Task to carry out. Output exactly the lines of the listing below that run from the line with "Lady Dior Bag" through the line with "在北研教室,组织开展张玉环主". No pictures.

Provided records.
● ● ●
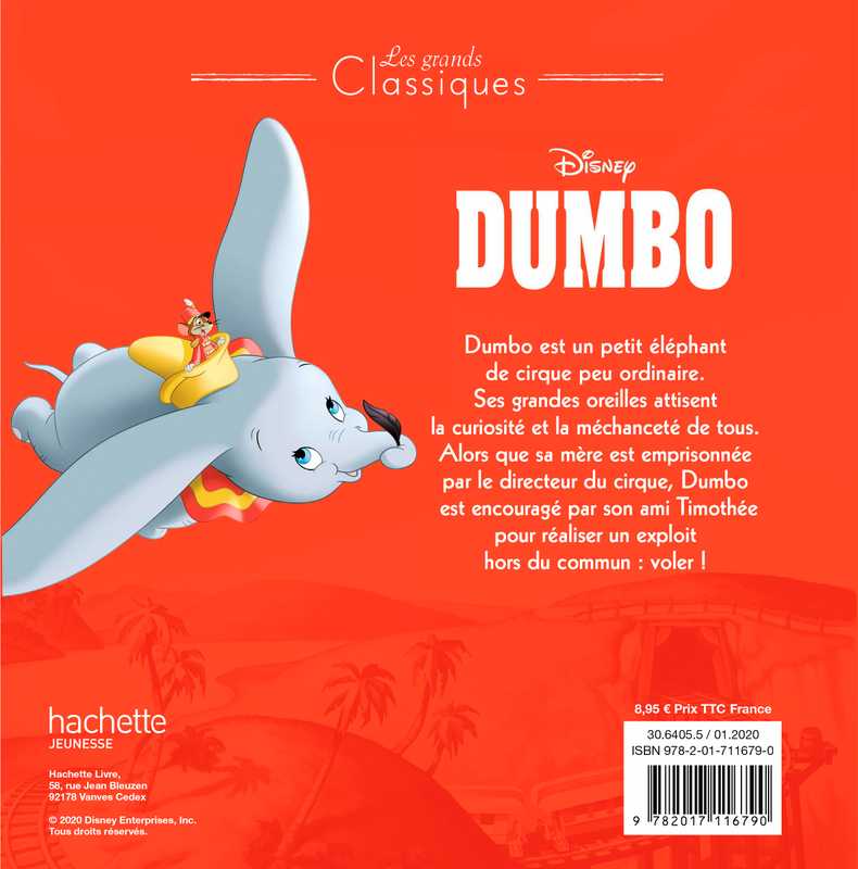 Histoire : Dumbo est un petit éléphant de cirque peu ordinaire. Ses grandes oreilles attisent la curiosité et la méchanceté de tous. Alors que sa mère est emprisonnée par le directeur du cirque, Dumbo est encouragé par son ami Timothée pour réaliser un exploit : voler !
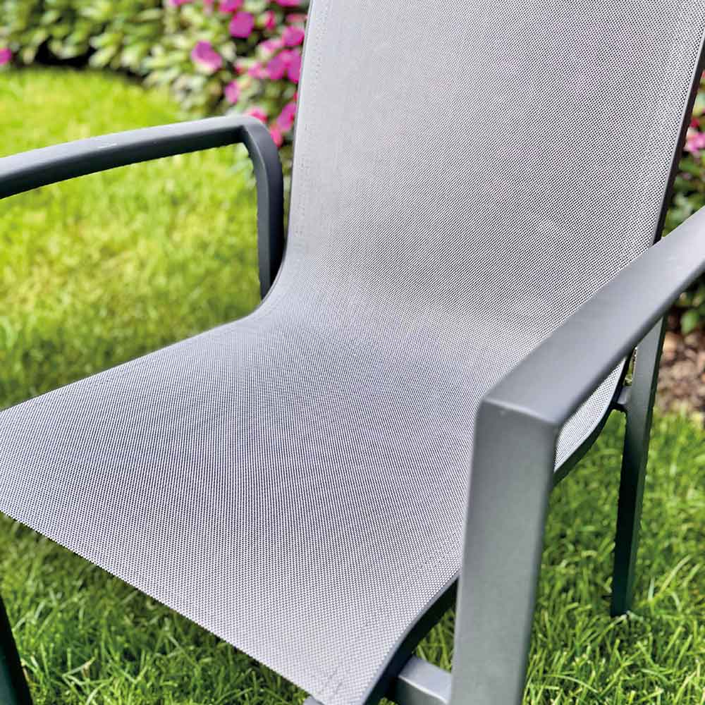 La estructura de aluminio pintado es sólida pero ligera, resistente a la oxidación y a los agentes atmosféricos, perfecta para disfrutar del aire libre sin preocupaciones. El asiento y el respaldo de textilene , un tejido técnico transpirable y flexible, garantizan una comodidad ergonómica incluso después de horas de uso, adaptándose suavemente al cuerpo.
● ● ●
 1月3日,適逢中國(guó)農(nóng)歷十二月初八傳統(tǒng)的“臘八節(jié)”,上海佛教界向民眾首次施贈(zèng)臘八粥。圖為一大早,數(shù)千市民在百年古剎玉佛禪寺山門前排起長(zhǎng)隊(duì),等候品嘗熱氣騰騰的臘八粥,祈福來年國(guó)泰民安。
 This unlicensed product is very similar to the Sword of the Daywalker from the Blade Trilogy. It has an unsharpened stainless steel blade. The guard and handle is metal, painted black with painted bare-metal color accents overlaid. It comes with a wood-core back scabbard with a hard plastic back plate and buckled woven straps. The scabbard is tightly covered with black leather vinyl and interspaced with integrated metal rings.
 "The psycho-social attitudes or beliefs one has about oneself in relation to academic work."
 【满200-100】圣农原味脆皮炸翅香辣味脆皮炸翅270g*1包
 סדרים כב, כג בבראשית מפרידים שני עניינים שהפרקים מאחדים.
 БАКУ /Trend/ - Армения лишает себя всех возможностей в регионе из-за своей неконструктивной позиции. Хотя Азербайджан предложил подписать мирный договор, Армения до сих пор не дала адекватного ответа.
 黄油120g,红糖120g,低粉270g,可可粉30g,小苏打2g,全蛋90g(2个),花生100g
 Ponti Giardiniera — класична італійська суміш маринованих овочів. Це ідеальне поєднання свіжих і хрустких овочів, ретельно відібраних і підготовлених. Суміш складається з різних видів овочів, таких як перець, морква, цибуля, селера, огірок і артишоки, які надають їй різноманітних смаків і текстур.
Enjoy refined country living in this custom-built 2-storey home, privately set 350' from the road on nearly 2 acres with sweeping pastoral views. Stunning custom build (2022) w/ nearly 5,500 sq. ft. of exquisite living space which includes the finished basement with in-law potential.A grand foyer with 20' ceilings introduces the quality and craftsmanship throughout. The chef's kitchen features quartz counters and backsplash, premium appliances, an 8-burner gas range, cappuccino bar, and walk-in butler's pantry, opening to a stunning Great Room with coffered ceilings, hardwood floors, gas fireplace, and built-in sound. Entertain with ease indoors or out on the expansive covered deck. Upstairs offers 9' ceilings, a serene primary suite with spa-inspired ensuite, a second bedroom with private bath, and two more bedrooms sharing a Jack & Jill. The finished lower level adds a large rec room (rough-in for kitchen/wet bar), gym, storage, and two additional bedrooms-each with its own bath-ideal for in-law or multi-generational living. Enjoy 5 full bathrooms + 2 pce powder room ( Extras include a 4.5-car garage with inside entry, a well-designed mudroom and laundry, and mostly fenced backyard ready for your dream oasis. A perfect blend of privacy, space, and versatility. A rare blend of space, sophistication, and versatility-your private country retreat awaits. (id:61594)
● ● ●
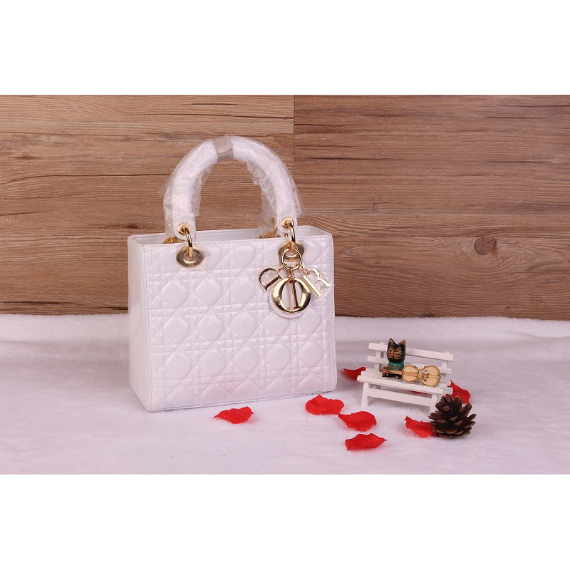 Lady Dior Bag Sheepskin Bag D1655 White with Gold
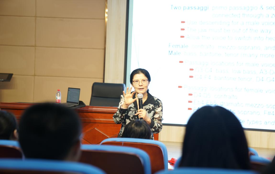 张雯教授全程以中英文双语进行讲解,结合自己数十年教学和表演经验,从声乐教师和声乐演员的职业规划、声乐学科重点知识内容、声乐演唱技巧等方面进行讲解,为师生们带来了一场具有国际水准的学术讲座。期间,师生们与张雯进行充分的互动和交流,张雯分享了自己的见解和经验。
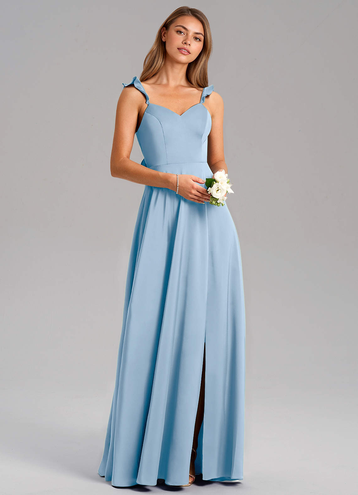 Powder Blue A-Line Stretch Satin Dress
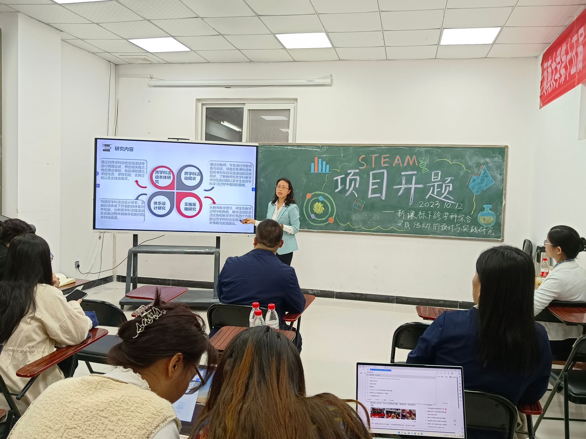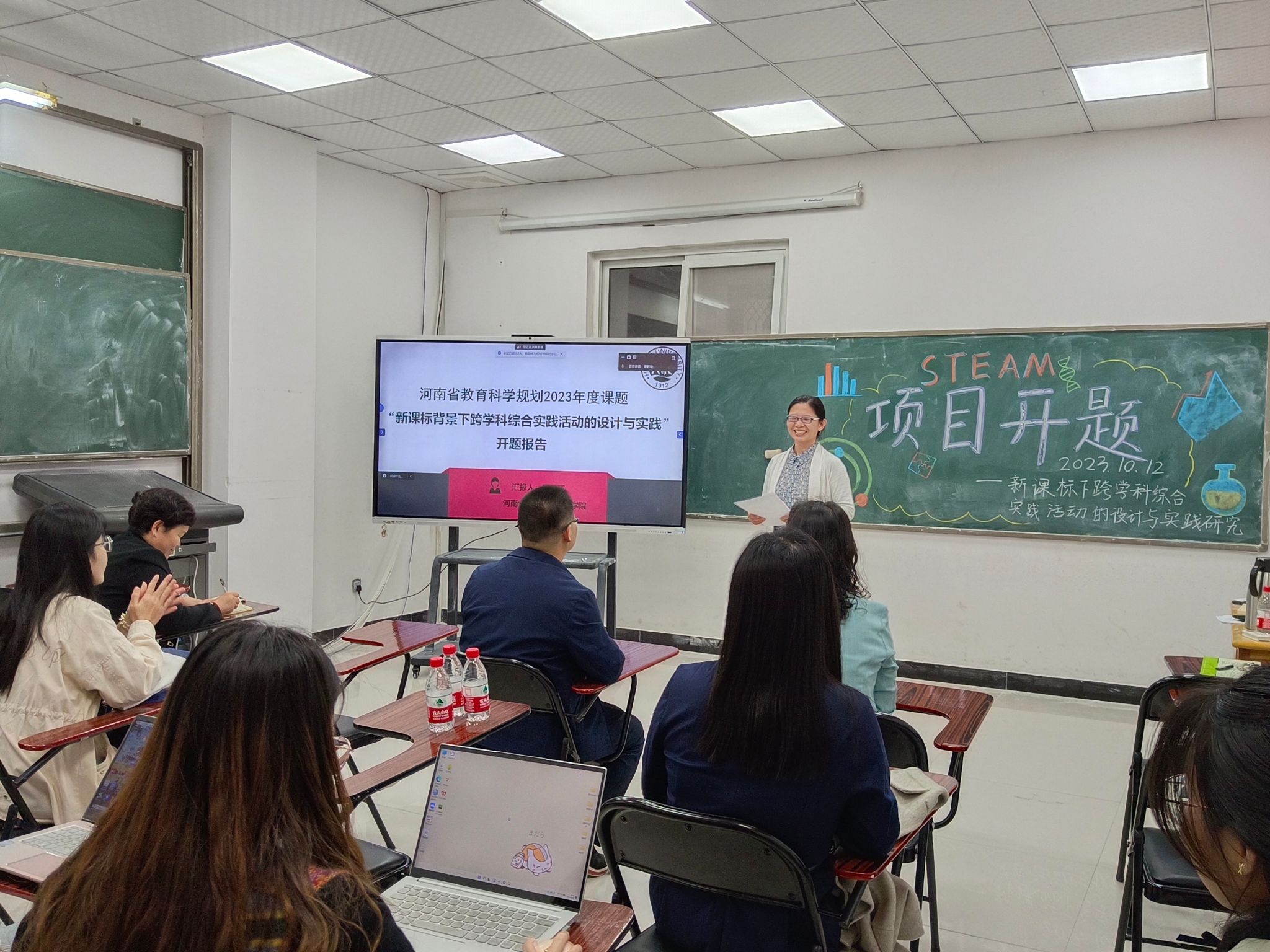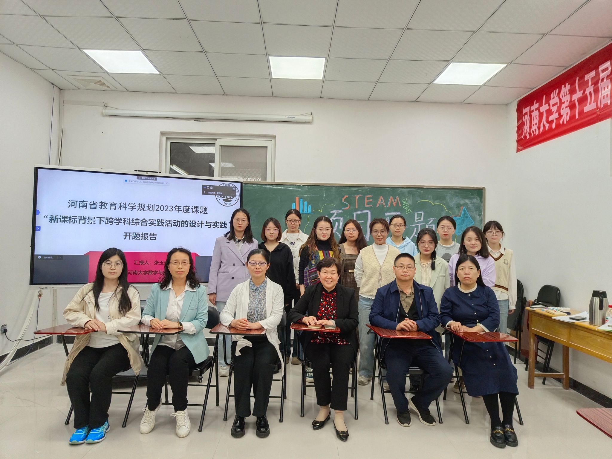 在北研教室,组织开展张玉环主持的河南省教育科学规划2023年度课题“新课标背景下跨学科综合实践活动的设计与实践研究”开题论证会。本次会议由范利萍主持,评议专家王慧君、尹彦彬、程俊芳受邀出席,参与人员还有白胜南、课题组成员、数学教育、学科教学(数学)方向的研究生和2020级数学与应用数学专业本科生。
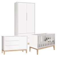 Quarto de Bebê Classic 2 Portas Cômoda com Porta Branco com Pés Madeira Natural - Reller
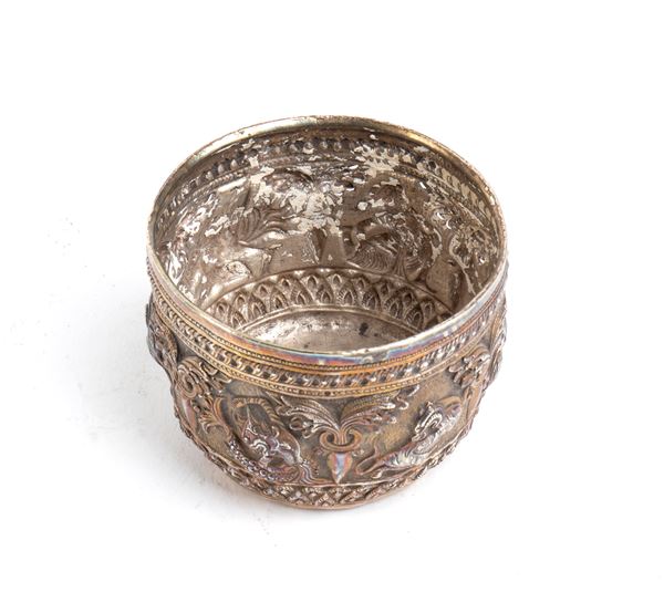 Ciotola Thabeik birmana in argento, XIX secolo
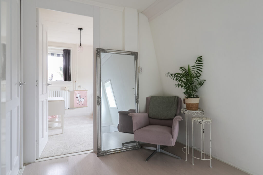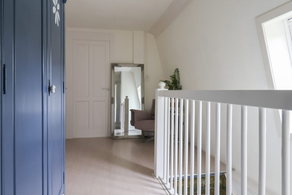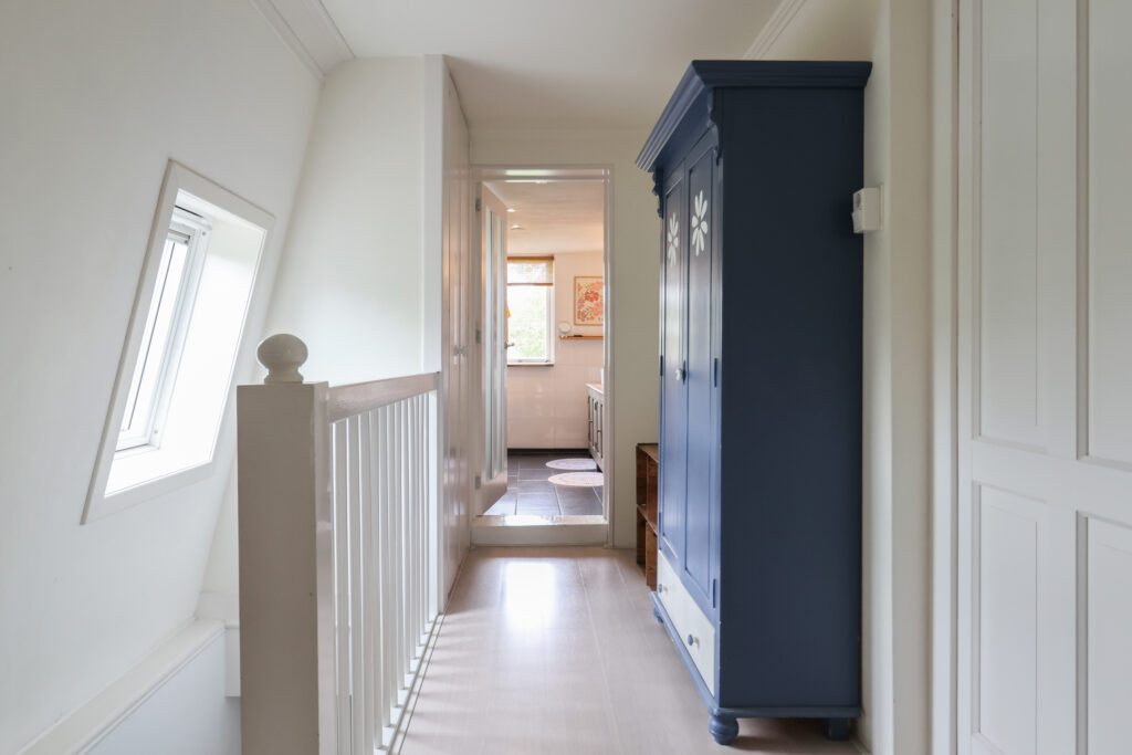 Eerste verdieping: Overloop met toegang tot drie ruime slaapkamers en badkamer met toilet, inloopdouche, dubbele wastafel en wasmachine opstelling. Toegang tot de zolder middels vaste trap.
● ● ●
Task answer.
 Lady Dior Bag Sheepskin Bag D1655 White with Gold
 张雯教授全程以中英文双语进行讲解,结合自己数十年教学和表演经验,从声乐教师和声乐演员的职业规划、声乐学科重点知识内容、声乐演唱技巧等方面进行讲解,为师生们带来了一场具有国际水准的学术讲座。期间,师生们与张雯进行充分的互动和交流,张雯分享了自己的见解和经验。
 Powder Blue A-Line Stretch Satin Dress
 在北研教室,组织开展张玉环主持的河南省教育科学规划2023年度课题“新课标背景下跨学科综合实践活动的设计与实践研究”开题论证会。本次会议由范利萍主持,评议专家王慧君、尹彦彬、程俊芳受邀出席,参与人员还有白胜南、课题组成员、数学教育、学科教学(数学)方向的研究生和2020级数学与应用数学专业本科生。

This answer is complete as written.